Лекарка снова положила руки на стол, сцепив пальцы, и заговорила, глядя прямо перед собой, в темноту:
– Не знаю, не дано. Светлые боги разделили людей пополам не для того, чтобы обе половинки во всем одинаковыми были. Есть многое в нас, чего они никогда не поймут, и есть нечто в них, для нас непостижимое. Казалось бы, ну что там может быть такого? Злые, грубые, чувствами обделены, самовлюбленные – только себя видят и слышат, простые, как чурки деревянные, а поди ж ты, не понять! Иной разумом тяжел, как наковальня, мыслями и делами прямой, как бревно, а вдруг так просветлеет, таким понимающим и чувствующим сделается – чуть не в Ирий тебя вознесет… а потом опять – козел козлом. И что с ним делать? Ты видела, как они по праздникам стенка на стенку ходят? Глядеть тошно: у одного нос набок свернут, у другого глаз заплыл, у третьего зубов недочет, а на мордах восторг, чуть не в пляс пускаются! Это можно понять? С железом убойным тетешкаются, как с дитем, а оно… оно им любовью отвечает! Железо смертельное! Это возможно постигнуть? Порой глянешь – сущий петух в курятнике: всех холопок перетоптал, чуть ли не на каждую бабу маслеными глазами пялится, а жену любит! По-настоящему, без притворства! В это можно поверить?
– Но, мам… ты же их лечишь. И не только тела… и я уже умею.
– Мы знаем, хоть и не понимаем. Знаем. Или чувствуем. Ты вот понимаешь, почему на них так твой лекарский голос действует? Знаешь, что действует, чувствуешь, как они отзываются, подчиняются… А причины понимаешь? Но мы-то хоть знаем, а они и знать о нас ничего не хотят, кроме одного… Кобели.
– Минька не кобель…
– Угу. У каждой из нас хотя бы один «не кобель» есть, только он потом вдруг козлом оказывается… или хряком.
– А ведь ты их боишься, мама. Ни разу не сказала «муж» или «мужчина», все время: «они», «иной», «козел», «кобель»…
– Боюсь, доченька. – Настена шумно вздохнула и продолжила говорить, все так же глядя куда-то в темноту. – В каждом из них зверь дремлет. Чутко, в любой миг вскинуться готовый. Хороший воевода умеет этих зверей, когда надо, пробудить всех разом. И тогда – победа, и убитых почти нет. Но не попусти светлые боги этим зверям в обыденной жизни пробудиться. Если у одного или нескольких – еще ничего, справиться можно, но если у многих…

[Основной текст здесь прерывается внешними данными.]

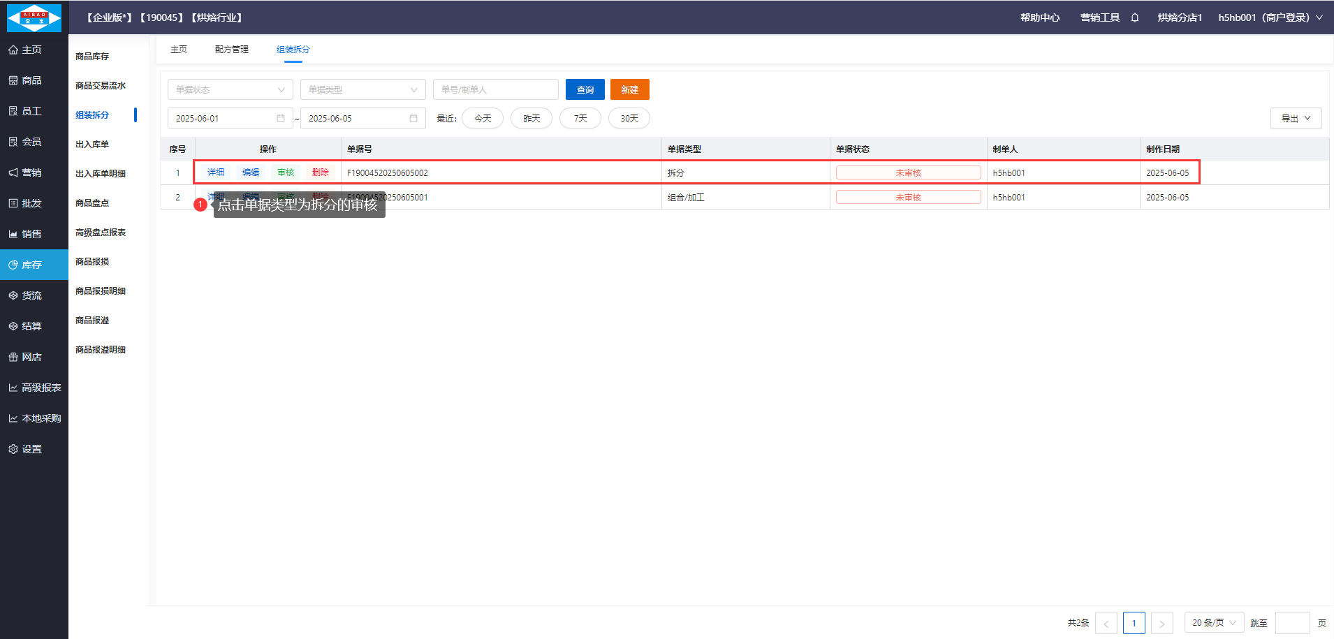 【操作步骤2】组合拆分页面,审核拆分类型的单据,即可完成商品拆分(审核后,加工商品数量减少,原料商品数量增加)。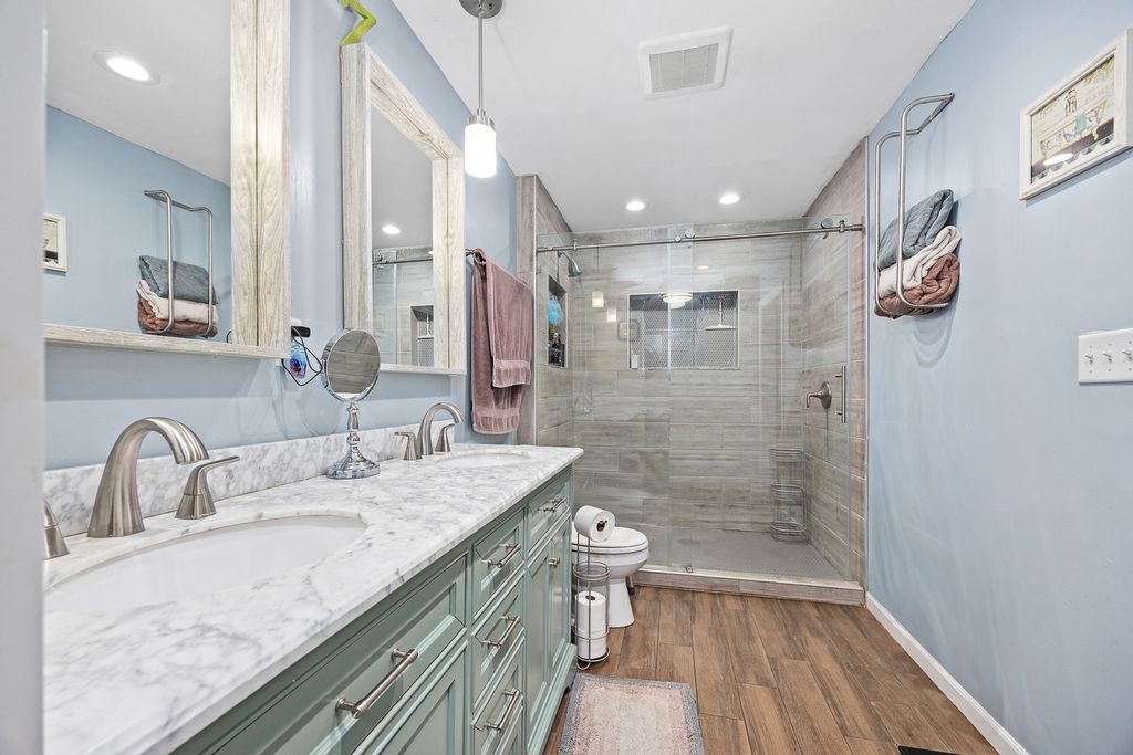 WELCOME HOME! Space, comfort, and opportunity come together at lovely home in Woodridge. With 2,100 square feet, 4 bedrooms, and 2.5 bathrooms, this home offers the room you need and the flexibility you want. The open-concept main level flows effortlessly, making it ideal for hosting, relaxing, or keeping everyone connected. A charming fireplace adds warmth and character, setting the scene for cozy nights in. The home shines where it matters most-both main bathrooms have been tastefully remodeled, offering modern finishes and a fresh feel. Upstairs bedrooms are generously sized, providing comfortable retreats for family, guests, or home office space. While some areas are ready for your personal touch, the layout and square footage provide an excellent foundation to create something truly special. Downstairs, the full unfinished basement is full of potential-imagine a rec room, extra living space, or simply abundant storage. Step outside to a fenced backyard, perfect for summer barbecues, pets, or playtime. Set in a welcoming Woodridge neighborhood, this home is the perfect blend of move-in ready essentials and value-add opportunity. Bring your vision and make THIS HOME your own.

Настена замолкла, Юлька тоже сидела, не шевелясь и не издавая ни звука, было понятно, что мать вспомнила толпу, в которой зверей пробудил не воевода, а поп. Затянувшуюся паузу прервал звук удара ладонью по столу и не то злой, не то досадливый голос матери:
– И убить-то этого зверя нельзя! Знаю способ, почти любая баба это сделать способна, но нельзя! Лишился зверя внутри – не муж! Рохля, размазня, скотина тупая и ленивая. И изменить зверя тоже нельзя, потому что и без того больше чем у половины уроды внутри. У того же Лукашика сущий глухарь – поет, ничего вокруг не слышит и не видит. Только глухарь раз в год токует, а Лукашик все время. А есть такие… Тьфу, даже говорить неохота!